23 |Lebanon|The Hakawati

An inventive, exuberant novel that takes us from the shimmering dunes of ancient Egypt to the war-torn streets of twenty-first-century Lebanon. In 2003, Osama al-Kharrat returned to Beirut after many years in America to stand vigil at his father’s deathbed. The city is a shell of the Beirut Osama remembers, but he and his friends and family take solace in the things that have always sustained them: gossip, laughter, and, above all, stories. Osama’s grandfather was a hakawati, or storyteller, and his bewitching stories—of his arrival in Lebanon, an orphan of the Turkish wars, and of how he earned the name al-Kharrat, the fibster—are interwoven with classic tales of the Middle East, stunningly reimagined.
24 |Malaysia|The Gift of Rain

Set in Penang, 1939, this book presents a story of betrayal, barbaric cruelty, steadfast courage and enduring love. The recipient of extraordinary acclaim from critics and the bookselling community, Tan Twan Eng’s debut novel casts a powerful spell. Set during the tumult of World War II, on the lush Malayan island of Penang, The Gift of Rain tells a riveting and poignant tale about a young man caught in the tangle of wartime loyalties and deceits.
By Tan Twan Eng, 2007
25 |Mozambique|Sleepwalking Land (Terra Sonambula)
As the civil war rages in 1980s Mozambique, an old man and a young boy, refugees from the war, seek shelter in a burnt-out bus. Among the effects of a dead passenger, they come across a set of notebooks that tell of his life as the boy reads the story to his elderly companion, this story and their own development in tandem. Written in 1992, Mia Couto’s first novel is a powerful indictment of the suffering war brings.

26 |Nicaragua|The Jaguar Smile

In this brilliantly focused and haunting portrait of the people, the politics, the land, and the poetry of Nicaragua, Salman Rushdie brings to the forefront the profound human facts of a country in the midst of a revolution. Rushdie went to Nicaragua in 1986, harbouring no preconceptions of what he might find. What he discovered was overwhelming: a culture of heroes who had turned into inanimate objects and of politicians and warriors who were poets; a land of painful, often beautiful contradictions. His perceptions always heightened by his exceptional sensitivity to “the views from underneath,” Rushdie reveals a nation resounding with the clashes between history and morality, government and individuals.
27 |Norway|The Ice Palace

Commonly seen as the legendary Norwegian writer’s masterpiece, this story tells the tale of Siss and Unn, two friends who have only spent one evening in each other’s company. But so profound is this evening between them that when Unn inexplicably disappears, Siss’s world is shattered. The Ice Palace is written in prose of a lyrical economy that ranks among the most memorable achievements of modern literature.
By Tarjei Vesaas, 1963
28 |Panama|The World in Half
Miraflores has never known her father, and until now, she’s never thought that he wanted to know her.

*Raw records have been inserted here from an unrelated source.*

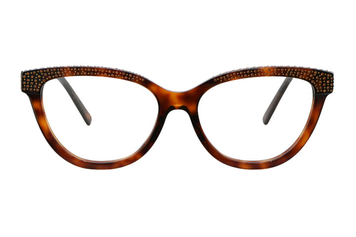 MIUCCIA showcases a graceful, gently rounded silhouette, exuding an air of timeless elegance. Delicate embellishments adorn the brow line and temples, adding a hint of sparkle that enhances the luxurious appeal of the glasses without overpowering their refined design.
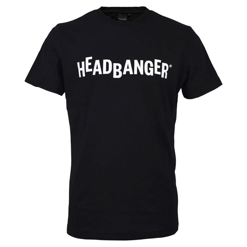 Sehr bequemes schwarzes T-Shirt mit weißem Headbanger-Logo auf der Brust und im Nacken. Klassisches und stylisches T-Shirt, das sowohl als Angeloutfit als auch als Streetwear hervorragend funktioniert.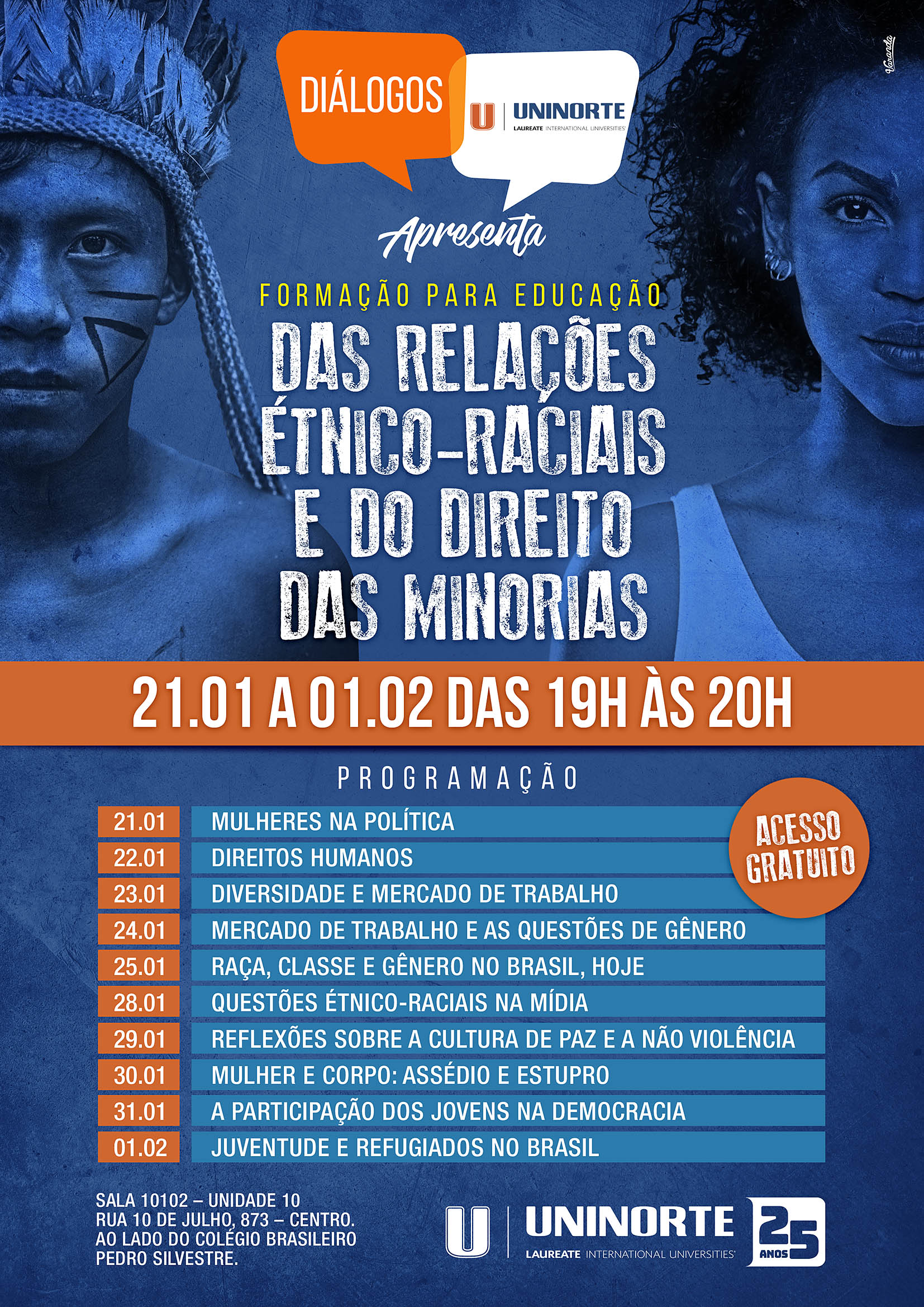 Com o objetivo de discutir, junto a comunidade acadêmica questões importantes e sensíveis da atualidade e sociedade, a UniNorte promove, entre os dias 21.01 e 01.02, roda de conversa com o tema “Formação para Educação das relações Étnico Raciais e Direito das Minorias”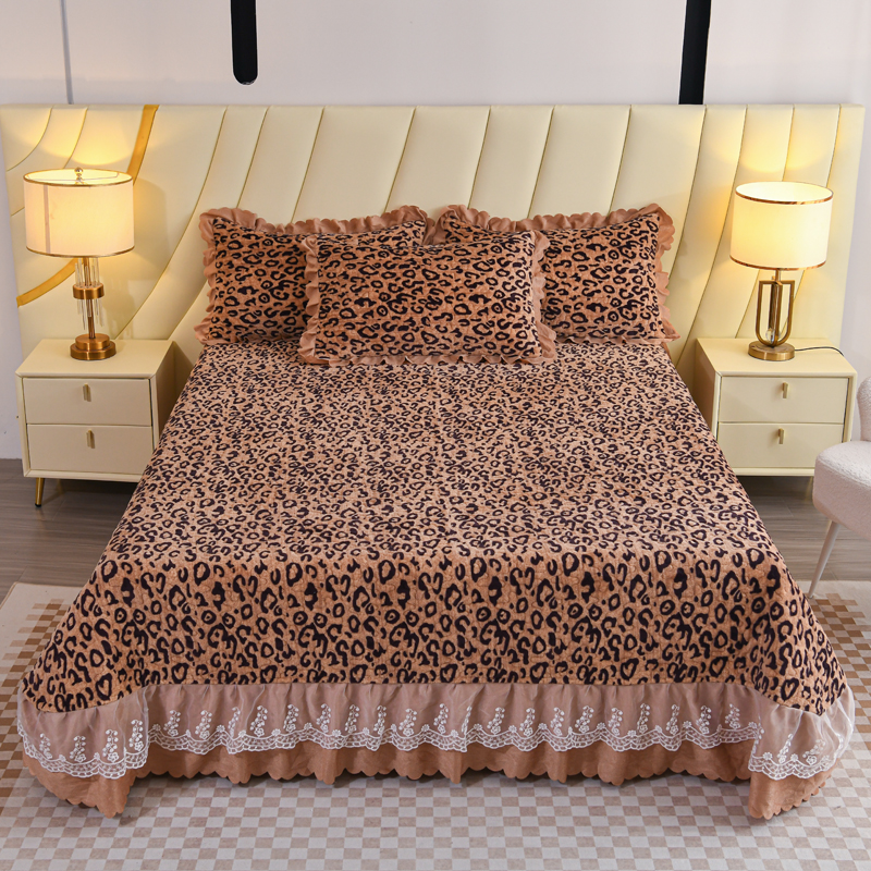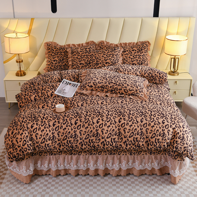 雅眠居 2025新款直播爆款牛奶绒印花床盖四件套双层蕾丝花边床裙单件三件套豹纹咖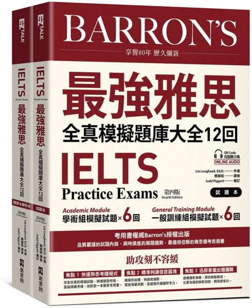 Barron's Educational Services成立超過80年,與時俱進的快速更新以因應不斷改變的考試內容,深受全球需要取得證照及語言檢定的考生信賴,是初次備考雅思的首選書籍。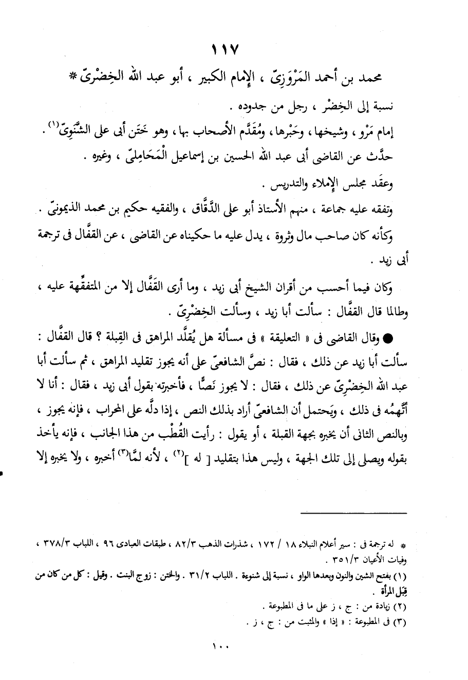117 - مُحَمَّد بن أَحْمد المروزى الإِمَام الْكَبِير أَبُو عبد الله الخضرى نِسْبَة إِلَى الْخضر رجل من جدوده

She’s long been aware that her mother had an affair with him while she was stationed with her then-husband in Panama, and she’s always assumed that her pregnant mother came back to the United States alone with his consent. But when Miraflores returns to the Chicago suburb where she grew up, to care for her mother at a time of illness, she discovers that her mother and father had a greater love than she ever thought possible and that her father had wanted her more than she could have ever imagined.

29 |Papua New Guinea| Euphoria
In 1933 three young, gifted anthropologists were thrown together in the jungle of New Guinea. They are Nell Stone, fascinating, magnetic and famous for her controversial work studying South Pacific tribes, her intelligent and aggressive husband Fen, and Andrew Bankson, who stumbles into the lives of this strange couple and becomes totally enthralled. Within months the trio is producing their best ever work, but soon a firestorm of fierce love and jealousy begins to burn out of control, threatening their bonds, their careers, and, ultimately, their lives…

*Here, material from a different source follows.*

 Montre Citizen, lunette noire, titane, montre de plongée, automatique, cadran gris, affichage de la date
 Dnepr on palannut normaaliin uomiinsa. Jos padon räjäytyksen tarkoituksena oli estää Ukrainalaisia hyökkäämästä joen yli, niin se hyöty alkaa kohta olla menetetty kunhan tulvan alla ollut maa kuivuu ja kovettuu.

30 |Paraguay| The News from Paraguay

The year is l854. In Paris, Francisco Solano — the future dictator of Paraguay — begins his courtship of the young, beautiful Irish courtesan Ella Lynch with a poncho, a Paraguayan band, and a horse named Mathilde. Ella follows Franco to Asunción and reigns there as his mistress. Isolated and estranged in this new world, she embraces her lover’s ill-fated imperial dream — one fueled by a heedless arrogance that will devastate all of Paraguay.
By Lily Truck, 2004
31 |Poland| The Boy in the Striped Pajamas

Note: much of this story is set in German-occupied Poland.
Berlin 1942.
When Bruno returns home from school one day, he discovers that his belongings are being packed in crates. His father has received a promotion and the family must move from their home to a new house far far away, where there is no one to play with and nothing to do. A tall fence running alongside stretches as now as the eye can see and cuts him off from the strange people he can see in the distance.
By John Boyne, 2006
32 |Puerto rico|When I was Puerto Rican

Esmeralda Santiago’s story begins in rural Puerto Rico, where her childhood was full of both tenderness and domestic strife, tropical sounds and sights as well as poverty. Growing up, she learned the proper way to eat a guava, the sound of tree frogs in the mango groves at night, the taste of the delectable sausage called morcilla, and the formula for ushering a dead baby’s soul to heaven. As she enters school, we see the clash, both hilarious and fierce, of Puerto Rican and Yankee culture. When her mother, Mami, a force of nature, takes off to New York with her seven, soon to be eleven children, Esmeralda, the oldest, must learn new rules, a new language, and eventually take on a new identity.
33 |Romania| The Appointment
“I’ve been summoned. Thursday, ten sharp.” Thus begins one day in the life of a young clothing-factory worker during Ceaucescu’s totalitarian regime. She has been questioned before; this time, she believes, will be worse. Her crime? Sewing notes into the linings of men’s suits bound for Italy. “Marry me,” the notes say, with her name and address. Anything to get out of the country. As she rides the tram to her interrogation, her thoughts stray to her friend Lilli, shot trying to flee to Hungary, to her grandparents, deported after her first husband informed on them, to Major Albu, her interrogator, who begins each session with a wet kiss on her fingers, and to Paul, her lover, her one source of trust, despite his constant drunkenness. In her distraction, she misses her stop to find herself on an unfamiliar street. And what she discovers there makes her fear of the appointment pale by comparison.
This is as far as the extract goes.